For the entries that follow, set down each one exactly and drop any pictures.

╭─ Data provided

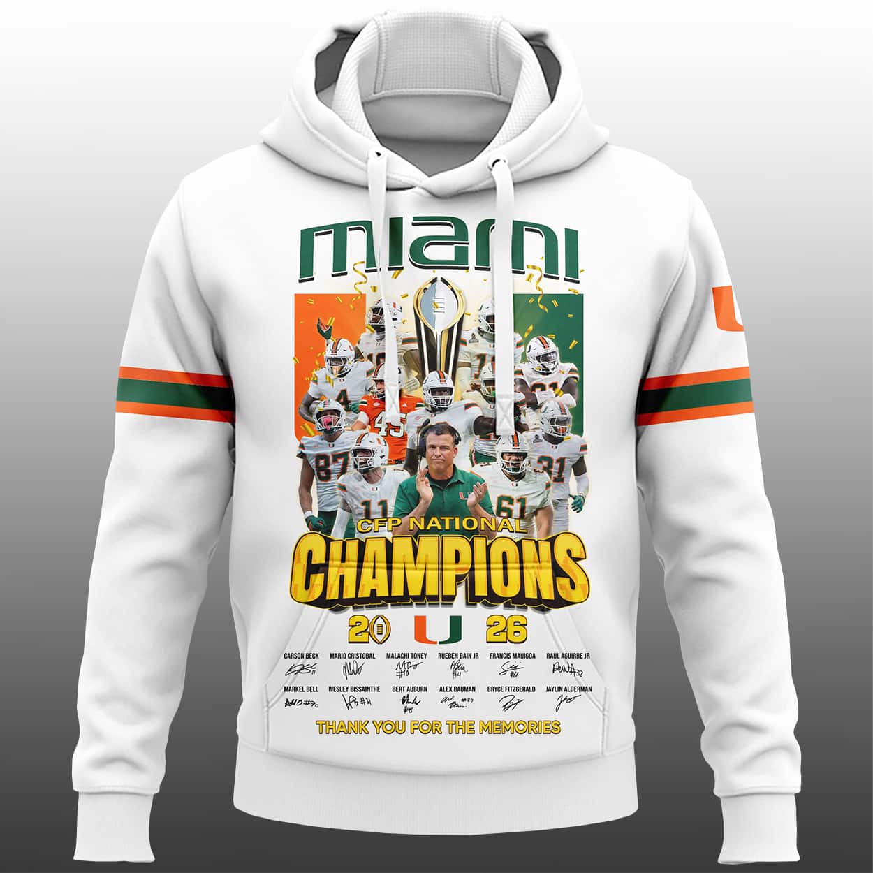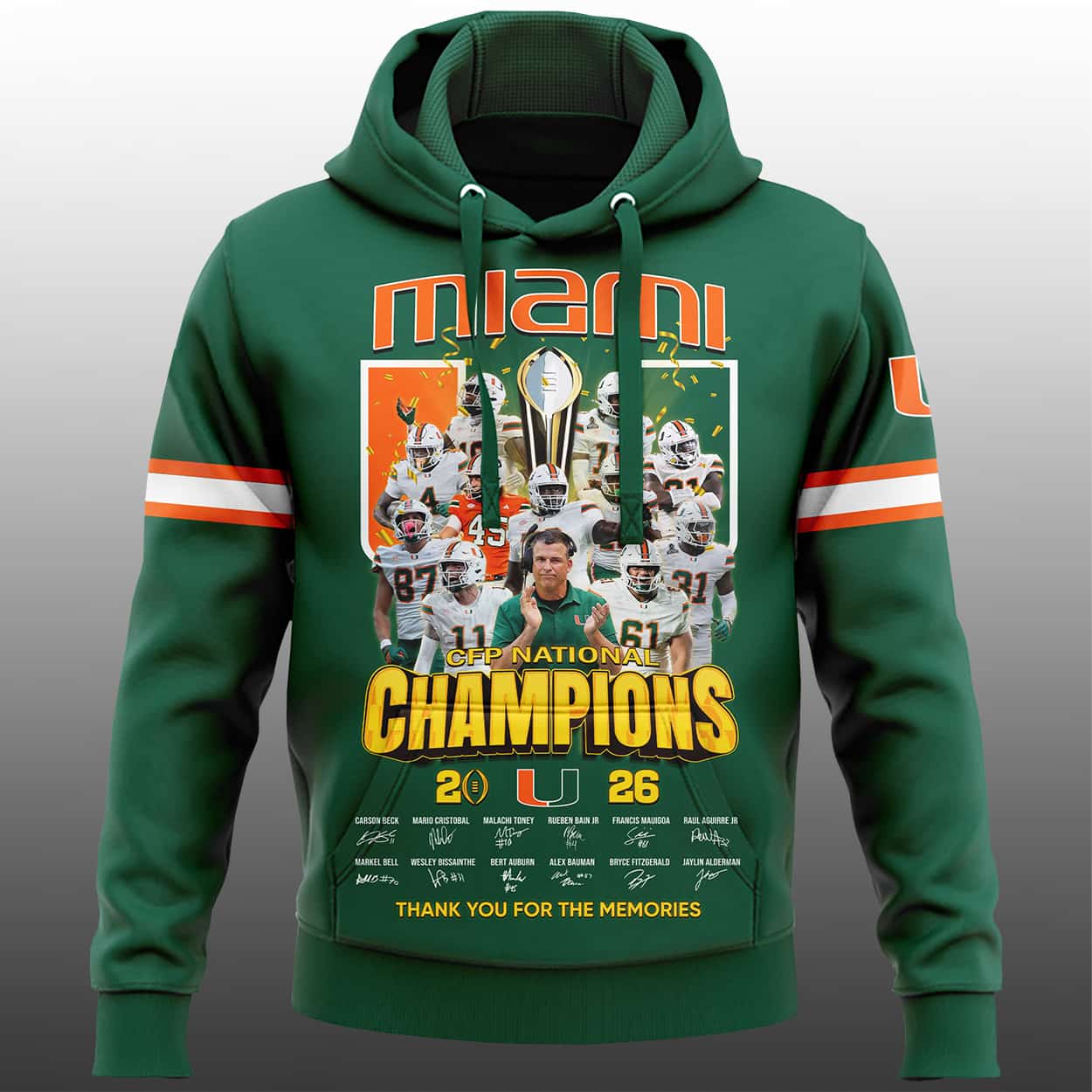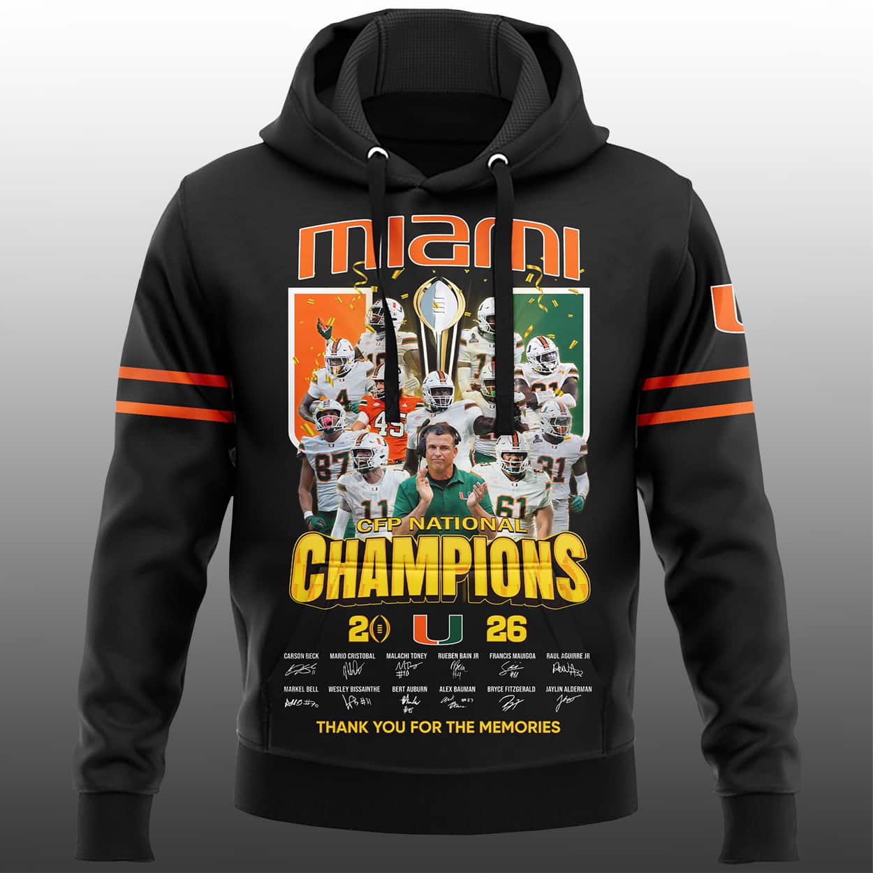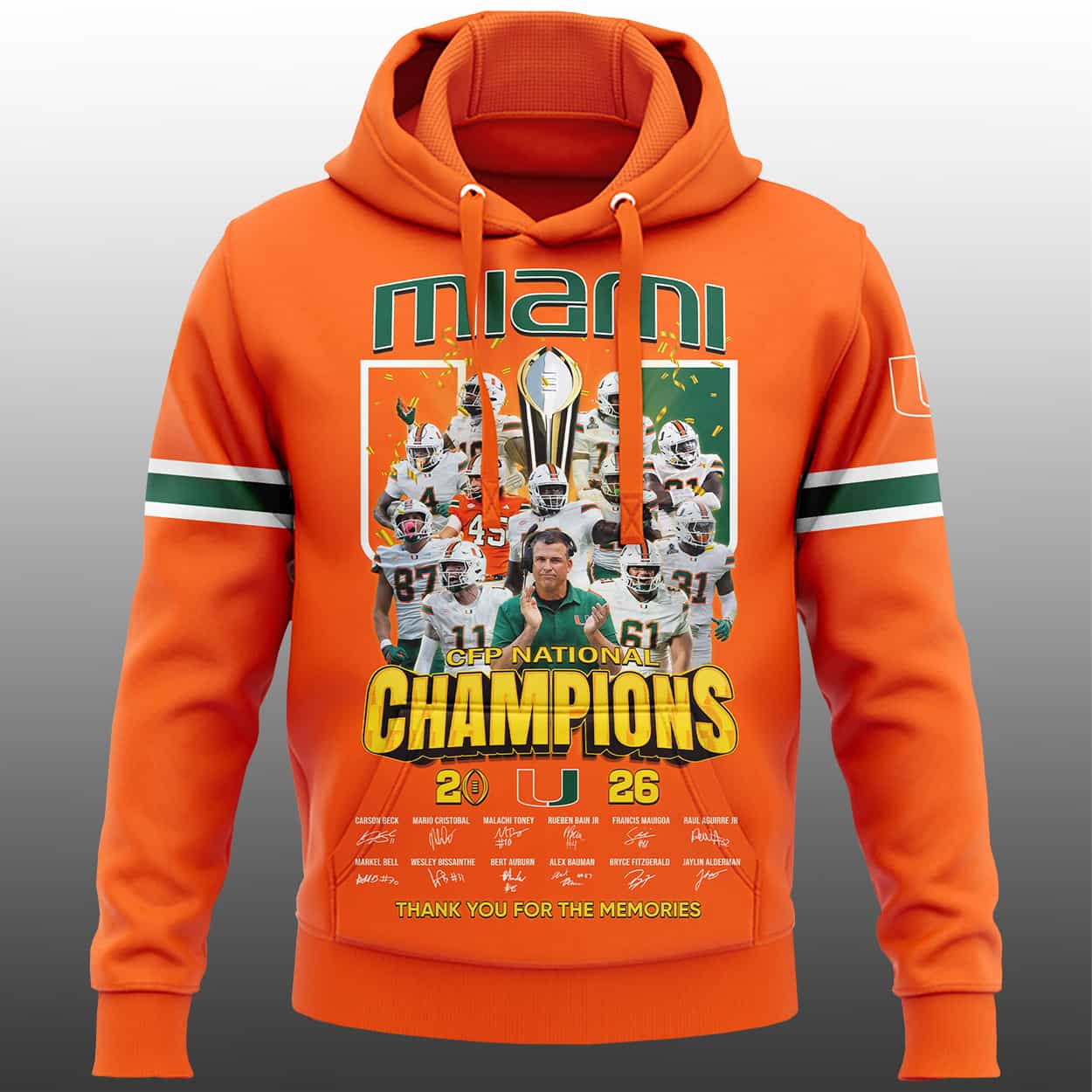 Turn heads and relive the glory with this hoodie. Drenched in bold orange, this hoodie is a visual touchdown. The front explodes with “miami” in stylized green and orange lettering, followed by a high-energy collage of football players mid-action and a gleaming championship trophy front and center. Below it all, “NATIONAL CHAMPIONS” beams in bold yellow, while the year—“2026”—flanks the University of Miami logo like a badge of honor. The sleeves sport green and white stripes, with the left sleeve proudly displaying the UM logo. At the bottom, a timeline of championship years and the heartfelt phrase “THANK YOU FOR THE MEMORIES” seals the legacy.
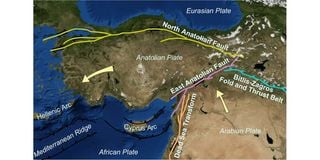 This area of Turkey is prone to earthquakes as it lies at the intersection of three of the tectonic plates that make up the Earth’s crust: the Anatolian, Arabian and African plates. Arabia is moving northwards into Europe, causing the Anatolian plate (which Turkey sits on) to be pushed out westwards.
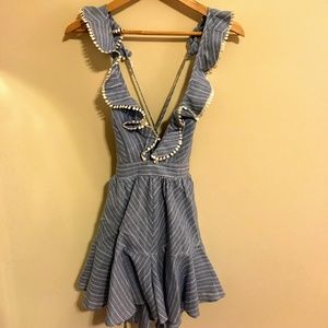 cutest little romper - light blue with white stripes, X back with tie; the shorts part of the romper are made so well and super flattering - size M; only worn a couple of times, in really good condition
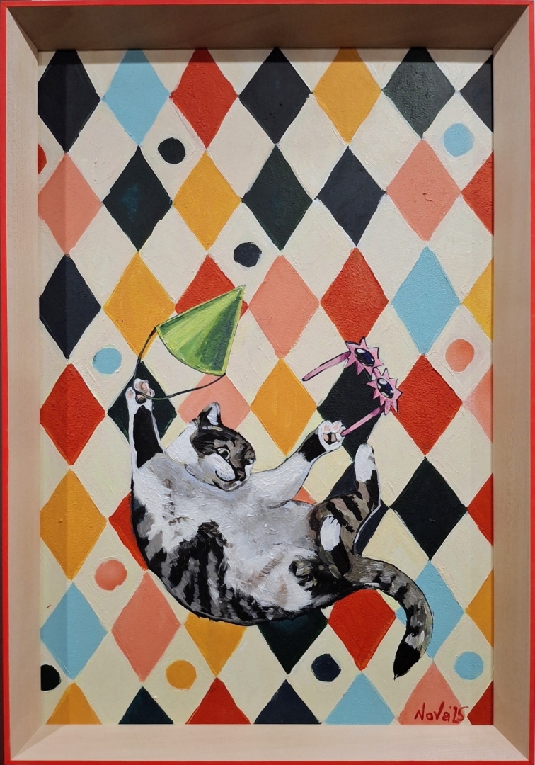 Krunditud tahvel Oh, kassid on lihtsalt minu igavene inspiratsioon! Seekord “varastasin” foto oma sõbra kassist Marsist, kes rõõmsalt oma värvilisel vaibal rullis ja lõõgastas. Ja ma kujutasin ette, et ta oleks võinud kassina mingit “rasket tööd” teinud, ja nüüd on see töö läbi ja kõva pidutsemine käib .
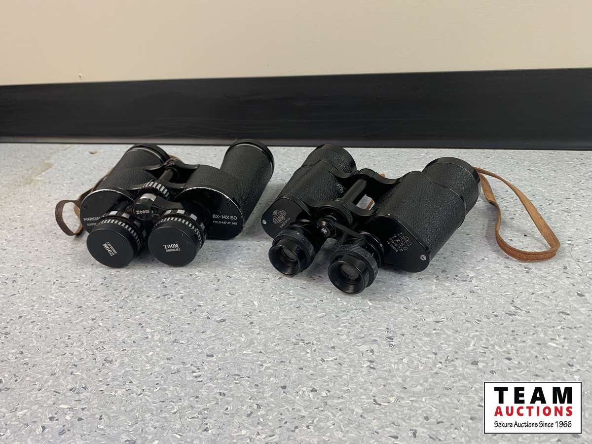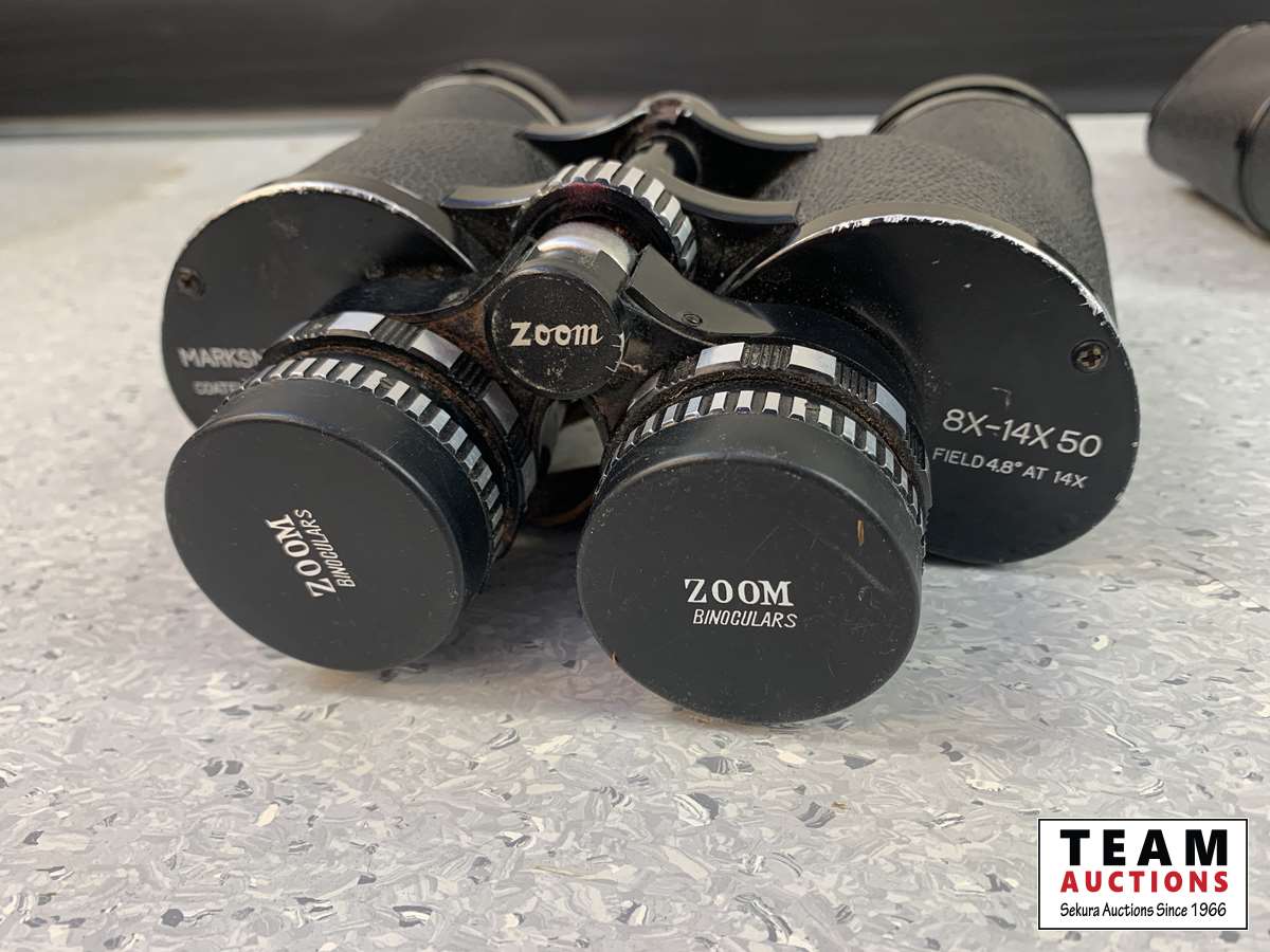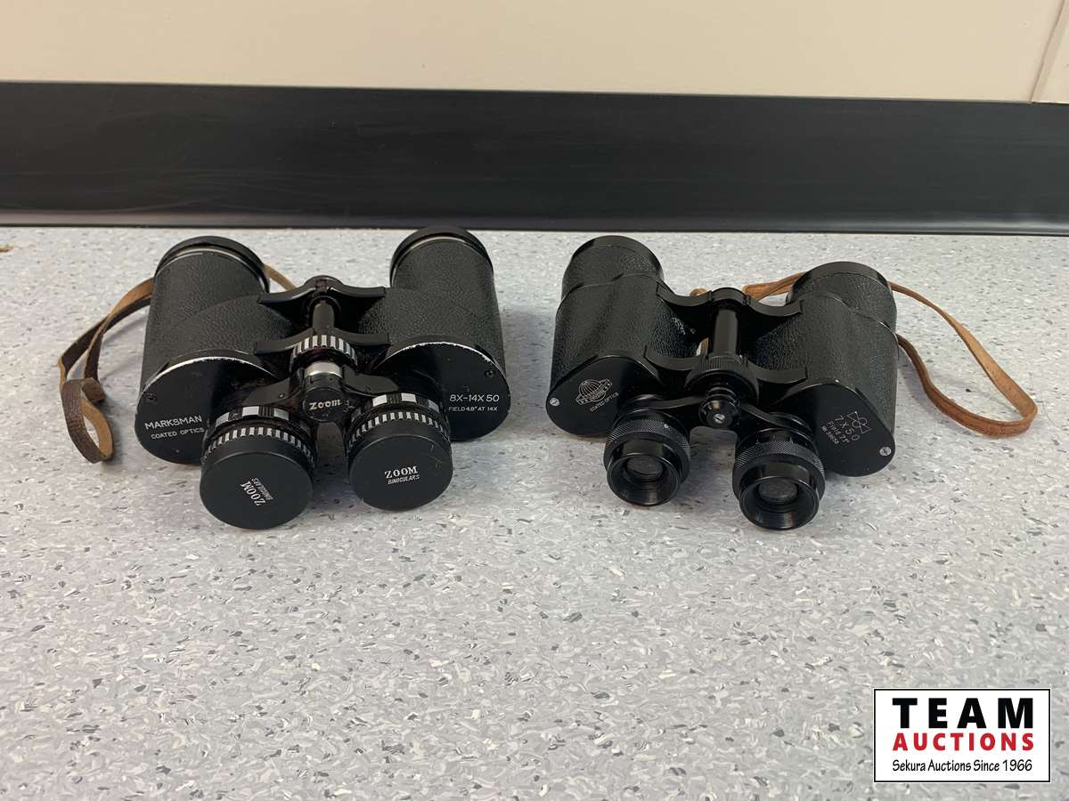 (1) Marksman Coated Optics 8X-14X 50 Zoom binoculars & (1) Universe Coated Optics 7 X 50 Field 7.1 No. 39858
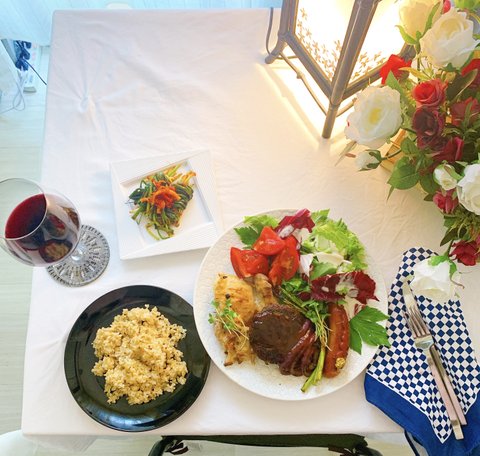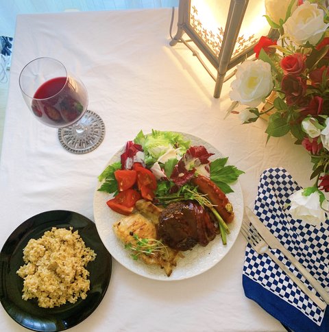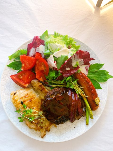 믹스 그릴이 먹고 싶어 닭가슴살 껍질 벗겨 소금, 후추, 향신료, 요리술에 30분 정도 재워 소세지와 패티, 야채와 구워낸다.

╰─

* _Answer to this task_:
 Turn heads and relive the glory with this hoodie. Drenched in bold orange, this hoodie is a visual touchdown. The front explodes with “miami” in stylized green and orange lettering, followed by a high-energy collage of football players mid-action and a gleaming championship trophy front and center. Below it all, “NATIONAL CHAMPIONS” beams in bold yellow, while the year—“2026”—flanks the University of Miami logo like a badge of honor. The sleeves sport green and white stripes, with the left sleeve proudly displaying the UM logo. At the bottom, a timeline of championship years and the heartfelt phrase “THANK YOU FOR THE MEMORIES” seals the legacy.
 This area of Turkey is prone to earthquakes as it lies at the intersection of three of the tectonic plates that make up the Earth’s crust: the Anatolian, Arabian and African plates. Arabia is moving northwards into Europe, causing the Anatolian plate (which Turkey sits on) to be pushed out westwards.
 cutest little romper - light blue with white stripes, X back with tie; the shorts part of the romper are made so well and super flattering - size M; only worn a couple of times, in really good condition
 Krunditud tahvel Oh, kassid on lihtsalt minu igavene inspiratsioon! Seekord “varastasin” foto oma sõbra kassist Marsist, kes rõõmsalt oma värvilisel vaibal rullis ja lõõgastas. Ja ma kujutasin ette, et ta oleks võinud kassina mingit “rasket tööd” teinud, ja nüüd on see töö läbi ja kõva pidutsemine käib .
 (1) Marksman Coated Optics 8X-14X 50 Zoom binoculars & (1) Universe Coated Optics 7 X 50 Field 7.1 No. 39858
 믹스 그릴이 먹고 싶어 닭가슴살 껍질 벗겨 소금, 후추, 향신료, 요리술에 30분 정도 재워 소세지와 패티, 야채와 구워낸다.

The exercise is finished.